The Making of a Missionary
Title | The Making of a Missionary PDF eBook |
Author | J. Herbert Kane |
Publisher | |
Pages | 132 |
Release | 1975 |
Genre | Missionaries |
ISBN | 9780801053580 |
Intermediaries, Interpreters, and Clerks
Title | Intermediaries, Interpreters, and Clerks PDF eBook |
Author | Benjamin N. Lawrance |
Publisher | Univ of Wisconsin Press |
Pages | 352 |
Release | 2006-09-29 |
Genre | Business & Economics |
ISBN | 9780299219505 |
As a young man in South Africa, Nelson Mandela aspired to be an interpreter or clerk, noting in his autobiography that “a career as a civil servant was a glittering prize for an African.” Africans in the lower echelons of colonial bureaucracy often held positions of little official authority, but in practice these positions were lynchpins of colonial rule. As the primary intermediaries among European colonial officials, African chiefs, and subject populations, these civil servants could manipulate the intersections of power, authority, and knowledge at the center of colonial society.
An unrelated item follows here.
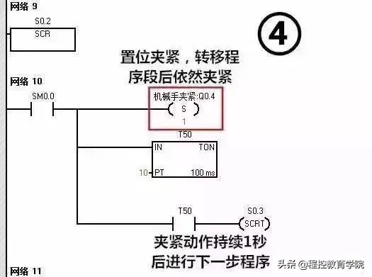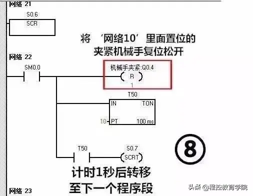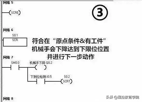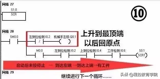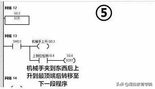 这么多梯形图看着真是头晕目眩,接下来我们一段一段分析分析这个机械手是如何工作 的,其实这个图没有那么多的并行分支,所以转移起来逻辑非常简单!

By uncovering the role of such men (and a few women) in the construction, function, and legal apparatus of colonial states, the essays in this volume highlight a new perspective. They offer important insights on hegemony, collaboration, and resistance, structures and changes in colonial rule, the role of language and education, the production of knowledge and expertise in colonial settings, and the impact of colonization in dividing African societies by gender, race, status, and class.